Шмит и его тяга к прекрасному
Двое подручных де Тоя со своим скорбным грузом не спеша трусили на север, к Ржавому болоту. Маленький кривоногий Шмит с багровым лицом, битым фурункулёзом не мог забыть прекрасного тела мефру Брауэр. С женщинами у него никогда не складывалось, и даже Эльза, шлюха страшная, как демон из Преисподней, драла с него двойную плату за доступ к своему дряблому телу. Вот высокий голубоглазый красавчик Фриз по шлюхам не ходил. Ему Эльза, небось сама бы приплачивала, завистливо думал Шмит и вздыхал.
Всю ночь они сидели в засаде, наблюдая за играми Брауэр и старшего Грута. От криков учительницы и звериного рычания молодого командира скаутов у бедняги Шмита пересыхало в горле. Он представлял себя на месте Дидерика и брови его вздымались к верху, а из носа вырывался почти неслышный стон. И так полночи, пока, наконец, Брауэр не вылезла из палатки “припудрить носик”.
Потом он шёл следом за невозмутимым Фризом, придерживая ноги спелёнутой в оленью шкуру учительницы и пытался нащупать её лодыжки.
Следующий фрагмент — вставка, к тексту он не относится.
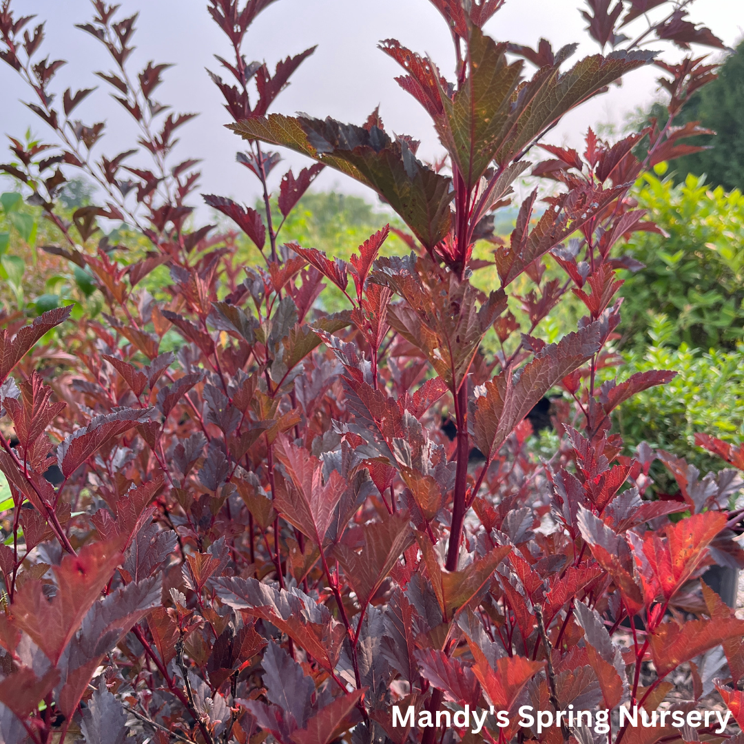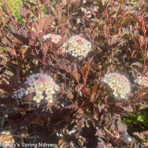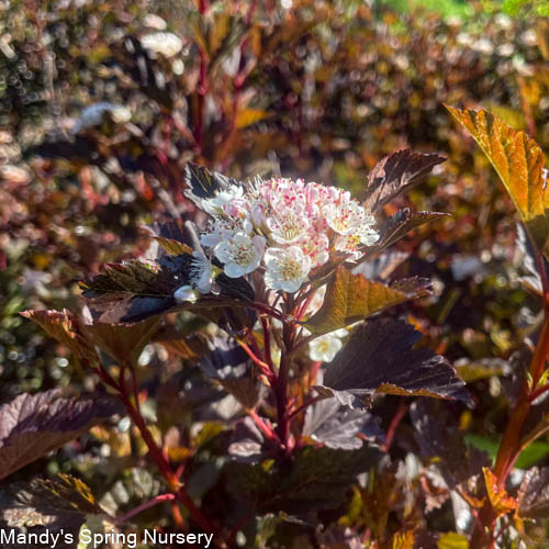 An exciting improvement to Ninebark, Summer Wine combines the fine texture and compact branching of Physocarpus 'Nana' with the dark foliage of Physocarpus Diabolo. Summer Wine is an easy way to introduce wine-colored foliage into the home garden. It is fast-growing and has few, if any, pest problems. Its graceful, arching habit makes it very appealing in the landscape. It adds beautiful color and vibrancy to your garden, especially in spring. In early June it blooms with white button-like flowers that accent the leaves nicely. Pruning and other maintenance is rarely needed. Use it as a bold accent or part of a mixed border. Summer Wine may even be cut for use in arrangements. This is a trouble-free addition to either the home or commercial landscape.

Фриз бросал ему через плечо:
— Что ты там копошишься, Шмит?
А Шмит отвечал:
— Просто тебе помогаю, чтоб не так тяжело было.
— Мне не тяжело, — бурчал Фриз и шагал
Потом её взвалили на его, Шмита, оленя, потому что в их маленьком отряде не было человека легче, и всю дорогу до хижины у него была возможность поглаживать шкуру, представляя под пальцами гладкий белый зад Брауэр. Он так надеялся, что Гендрик отдаст им свою пленницу хоть ненадолго. А он просто взял и зарезал её без лишних разговоров.
“Ну кому от этого лучше стало, а?” — Взывал Шмит к небесам, не особо думая о моральной стороне этого вопроса.
“Да никому” — как бы пожимали в ответ плечами на небесах, хотя скорей где-то пониже.
А сейчас они везли безжизненное тело той, кто плотно занимал все мысли бедняги Шмита последние сутки.
— Эх, Фриз, ты видел какая у неё кожа, а? Как у мраморной статуи. — Он нежно погладил сгиб переброшенного через холку оленя свёртка с телом Адель. — Когда я был маленьким, наш класс возили в большой город, Петербург, помнишь такой?
— Ну, помню, что был такой, и что? Меня никуда не возили.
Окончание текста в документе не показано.